Sequential Multiple Assignment Treatment for Bipolar Disorder (SMART)

Sequential Multiple Assignment Randomized Treatment (SMART) for Bipolar Disorder

The purpose of this study is to compare which of the two mood stabilizers (drugs that help to steady/stabilize mood in patients with bipolar disorder (BD)), lithium and divalproex, is more effective in patients with bipolar disorder over 26 weeks. The study will also compare if lithium or divalproex used alone versus lithium or divalproex used with quetiapine versus lithium or divalproex used with lamotrigine is more effective when symptoms of depression develop.

Study Overview

Detailed Description

This open methods advancement study will randomize BD patients with clinically significant symptoms to treatment with one of two mood stabilizers (MS), lithium [Li] or divalproex [Div]. Those who develop protocol defined depression will then be randomized to a MS alone, MS + quetiapine [QTP] or MS + lamotrigine [LTG]. A SMART strategy employs a rule for adding new treatments based on each patient's current illness state and response during the trial, mimicking the adaptive nature of treatment selection which occurs in clinical settings, but in a controlled way which allows application of causal inference. By using early indices of response to dynamically alter treatment decisions to improve outcome, SMART eliminates unmeasured confounders associated with treatment decisions that are not randomized, as occurs in data mining exercises and in other non-randomized decisions in studies which randomize one variable at baseline. This sequential adaptive design represents a methodological innovation in bipolar trial history which will have particular implications for effectiveness studies.
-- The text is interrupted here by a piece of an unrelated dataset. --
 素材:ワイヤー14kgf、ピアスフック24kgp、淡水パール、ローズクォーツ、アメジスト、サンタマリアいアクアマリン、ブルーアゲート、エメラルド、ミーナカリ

Specific Aim A.1: Assess the feasibility of a SMART design in the conduct of an effectiveness study over 26 weeks in patients with BD (bipolar disorder).
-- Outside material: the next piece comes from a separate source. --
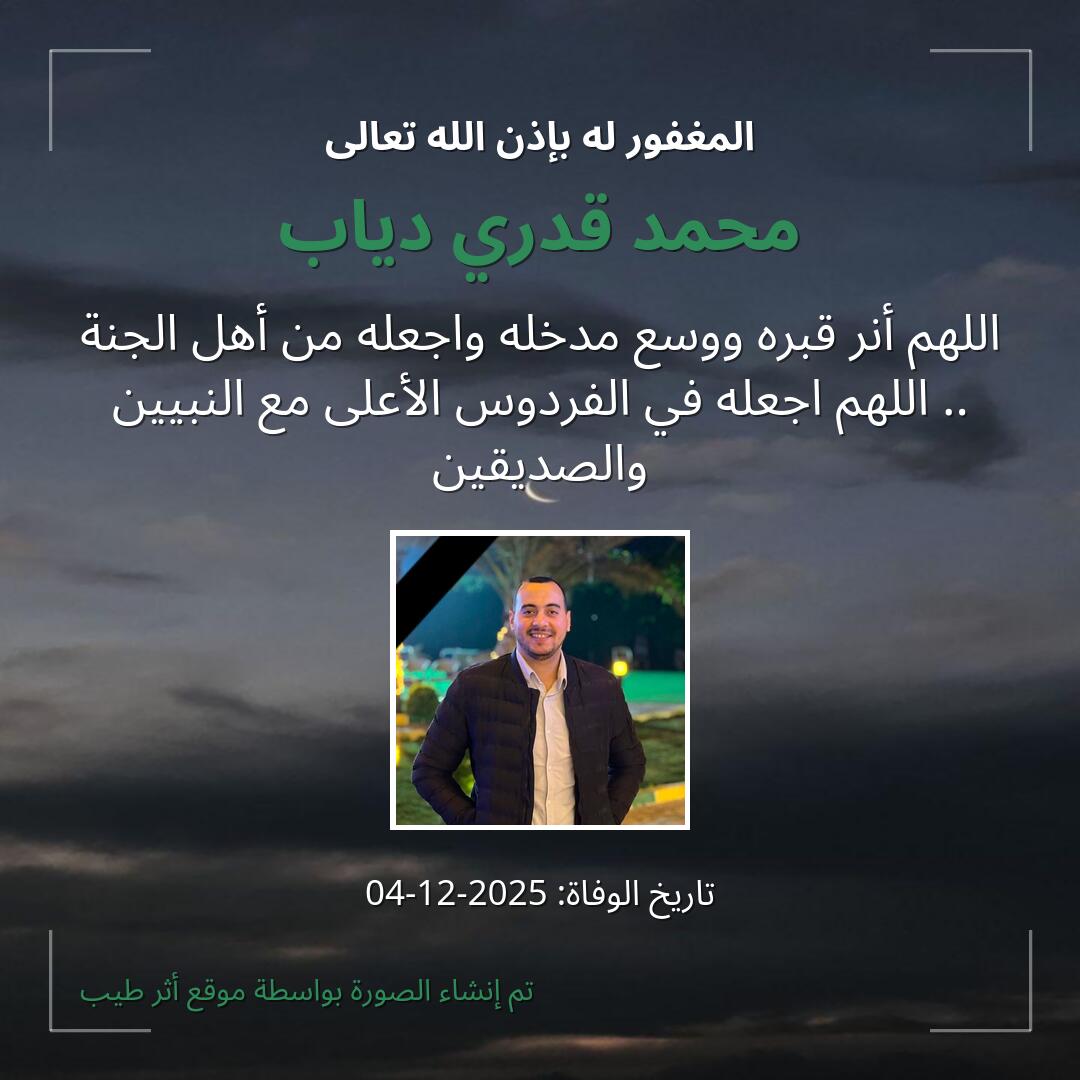 بمشاركتك هذه الصفحة، تساهم في نشر الخير والدعاء للمرحوم محمد قدري دياب.

Aim A.2 Compare the effectiveness of Li to Div as a primary component of treatment for BD over 26 weeks.

Aim A.3: Assess the effectiveness of MS + QTP and MS + LTG versus MS in subjects who develop depression.
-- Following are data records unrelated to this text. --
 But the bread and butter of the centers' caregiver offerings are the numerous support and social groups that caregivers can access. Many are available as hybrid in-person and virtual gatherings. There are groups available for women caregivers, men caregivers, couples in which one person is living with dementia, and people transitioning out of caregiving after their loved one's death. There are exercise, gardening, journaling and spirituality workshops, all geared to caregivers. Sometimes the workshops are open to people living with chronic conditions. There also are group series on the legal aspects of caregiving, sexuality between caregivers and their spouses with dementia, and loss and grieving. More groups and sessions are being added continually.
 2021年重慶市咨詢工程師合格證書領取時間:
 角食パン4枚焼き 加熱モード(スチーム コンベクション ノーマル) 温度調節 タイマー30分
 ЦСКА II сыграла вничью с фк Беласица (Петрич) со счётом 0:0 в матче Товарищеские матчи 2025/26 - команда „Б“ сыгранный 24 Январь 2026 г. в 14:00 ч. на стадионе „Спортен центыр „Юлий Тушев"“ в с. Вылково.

A4. Exploratory Aims: 1.Determine the effects of ethnicity, language facility, education and stress as moderators of treatment outcomes; 2. Explore the use of novel statistical methodologies to more informatively characterize illness trajectories in response to the interventions. In the aggregate these aims also will clarify whether the SMART confirms results provided by traditional, single point randomized controlled trials (RCTs).

Study Type

Interventional

Enrollment (Actual)

112

Phase

  • Phase 4

Contacts and Locations

This section provides the contact details for those conducting the study, and information on where this study is being conducted.

Study Locations

    • Ohio
      • Cleveland, Ohio, United States, 44106
        • Case Western Reserve University
    • Texas
      • San Antonio, Texas, United States, 78229-3900
        • University of Texas Health Science Center

Participation Criteria

Researchers look for people who fit a certain description, called eligibility criteria. Some examples of these criteria are a person's general health condition or prior treatments.

Eligibility Criteria

Ages Eligible for Study

18 years to 65 years (Adult, Older Adult)

Accepts Healthy Volunteers

No

Genders Eligible for Study

All

Description

Inclusion Criteria:

  • DSM-IV TR (Diagnostic and Statistical Manual Edition IV Text Revision) diagnosis BD I or II as assessed by MINI PLUS (Mini International Neuropsychiatric Interview PLUS)
  • Male or female ≥ 18 years old
  • Currently symptomatic with a CGI-BP-S ≥3 for mania/hypomania &/or depression for ≥ 2 weeks
  • One of the following indicators of recent active illness: a depressive or manic or hypomanic or mixed episode in the past 12 months
  • If female of child bearing age must use effective birth control.

Exclusion Criteria:

  • Unwilling or unable to comply with study requirements
  • Renal impairment (serum creatinine > 1.5 mg/dL)
  • If maintained on thyroid medication must be euthyroid for at least 1 month before Visit 1
  • Patients who have had intolerable side effects to QTP, Li, Div, or LTG
  • Patients whose clinical status requires inpatient care
  • Drug/alcohol dependence within the past 30 days
  • Pregnancy as determined by serum pregnancy test or breastfeeding
  • History of poor response to Li at a serum Li of ≥ 0.5 mEq/L (milliequivalents per Liter) or Div at a serum level of ≥ 45 mg/dL for at least 2 weeks.

Study Plan

This section provides details of the study plan, including how the study is designed and what the study is measuring.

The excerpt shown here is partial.